## Exercise description
Which of the lines below contain the string "headed"? Pull each one out of the data.

(Dataset)

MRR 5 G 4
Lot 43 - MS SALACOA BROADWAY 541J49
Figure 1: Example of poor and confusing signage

(End Dataset)
(Dataset)

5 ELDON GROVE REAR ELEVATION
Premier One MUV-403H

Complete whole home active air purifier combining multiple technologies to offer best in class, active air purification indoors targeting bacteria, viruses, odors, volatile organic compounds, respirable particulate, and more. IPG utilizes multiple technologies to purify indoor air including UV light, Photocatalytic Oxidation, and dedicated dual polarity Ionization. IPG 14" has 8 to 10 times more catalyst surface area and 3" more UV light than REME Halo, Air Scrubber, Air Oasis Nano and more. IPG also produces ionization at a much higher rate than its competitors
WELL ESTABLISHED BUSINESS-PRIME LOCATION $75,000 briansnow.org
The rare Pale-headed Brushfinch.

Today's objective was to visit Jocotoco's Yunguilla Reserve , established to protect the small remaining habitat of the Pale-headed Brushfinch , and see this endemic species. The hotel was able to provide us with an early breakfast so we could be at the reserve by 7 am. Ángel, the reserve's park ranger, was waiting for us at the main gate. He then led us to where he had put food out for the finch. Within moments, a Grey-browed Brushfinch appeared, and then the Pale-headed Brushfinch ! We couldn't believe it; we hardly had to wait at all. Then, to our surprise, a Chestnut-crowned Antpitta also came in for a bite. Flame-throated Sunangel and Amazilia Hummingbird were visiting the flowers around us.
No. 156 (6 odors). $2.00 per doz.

(End Dataset)

## Answer below
The rare Pale-headed Brushfinch.
Today's objective was to visit Jocotoco's Yunguilla Reserve , established to protect the small remaining habitat of the Pale-headed Brushfinch , and see this endemic species. The hotel was able to provide us with an early breakfast so we could be at the reserve by 7 am. Ángel, the reserve's park ranger, was waiting for us at the main gate. He then led us to where he had put food out for the finch. Within moments, a Grey-browed Brushfinch appeared, and then the Pale-headed Brushfinch ! We couldn't believe it; we hardly had to wait at all. Then, to our surprise, a Chestnut-crowned Antpitta also came in for a bite. Flame-throated Sunangel and Amazilia Hummingbird were visiting the flowers around us.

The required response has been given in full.